▶ EXERCISE OBJECTIVE:
Write out the data that follows exactly, keeping every picture out.
**** DATASET SECTION
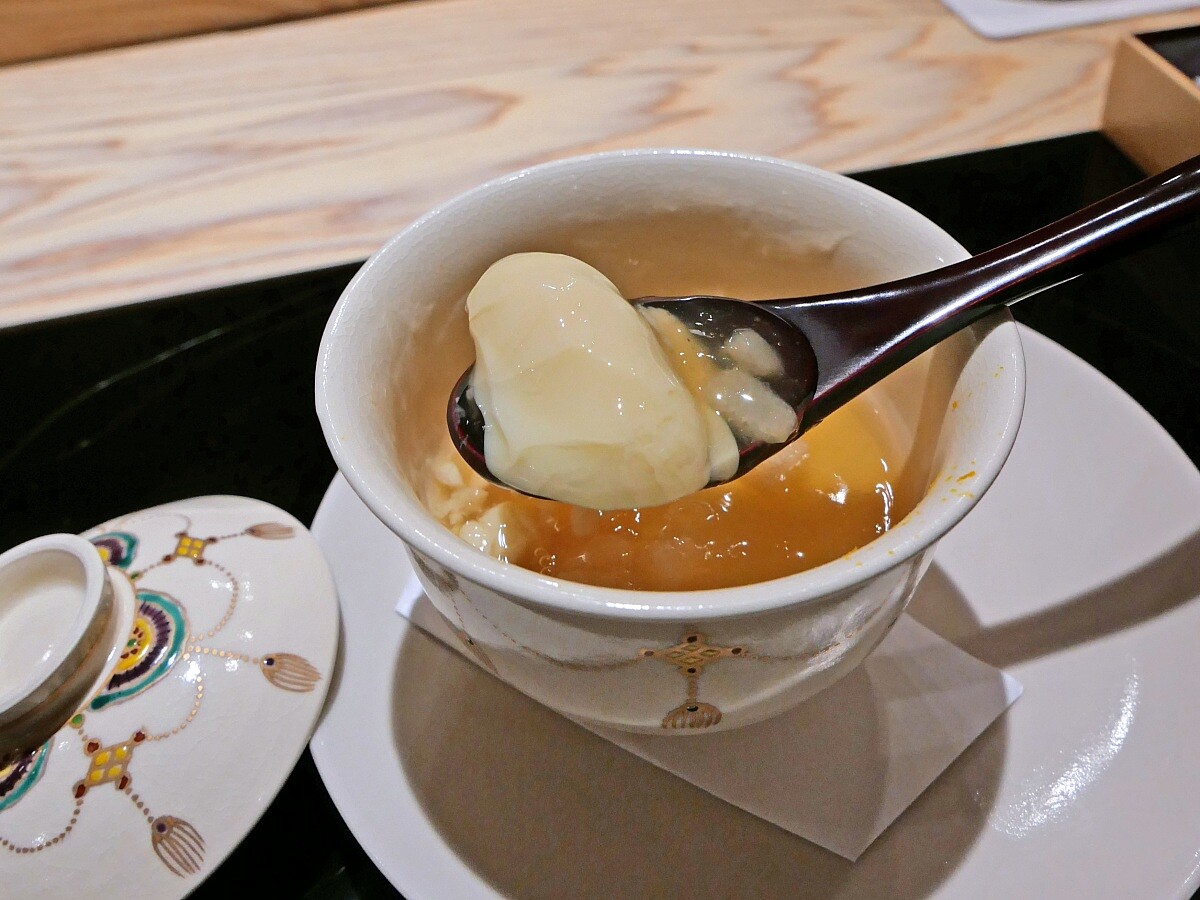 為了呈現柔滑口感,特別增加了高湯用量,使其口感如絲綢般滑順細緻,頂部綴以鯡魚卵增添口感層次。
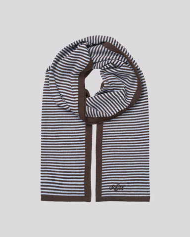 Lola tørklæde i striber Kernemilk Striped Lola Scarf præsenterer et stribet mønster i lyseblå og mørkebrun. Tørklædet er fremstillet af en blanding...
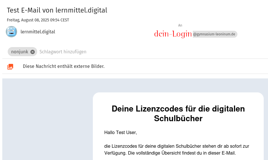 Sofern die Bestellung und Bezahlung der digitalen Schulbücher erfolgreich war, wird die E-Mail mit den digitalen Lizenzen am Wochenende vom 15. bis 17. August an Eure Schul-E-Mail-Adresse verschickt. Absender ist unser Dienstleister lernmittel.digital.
********
▶ RESULT BELOW:
 為了呈現柔滑口感,特別增加了高湯用量,使其口感如絲綢般滑順細緻,頂部綴以鯡魚卵增添口感層次。
 Lola tørklæde i striber Kernemilk Striped Lola Scarf præsenterer et stribet mønster i lyseblå og mørkebrun. Tørklædet er fremstillet af en blanding...
 Sofern die Bestellung und Bezahlung der digitalen Schulbücher erfolgreich war, wird die E-Mail mit den digitalen Lizenzen am Wochenende vom 15. bis 17. August an Eure Schul-E-Mail-Adresse verschickt. Absender ist unser Dienstleister lernmittel.digital.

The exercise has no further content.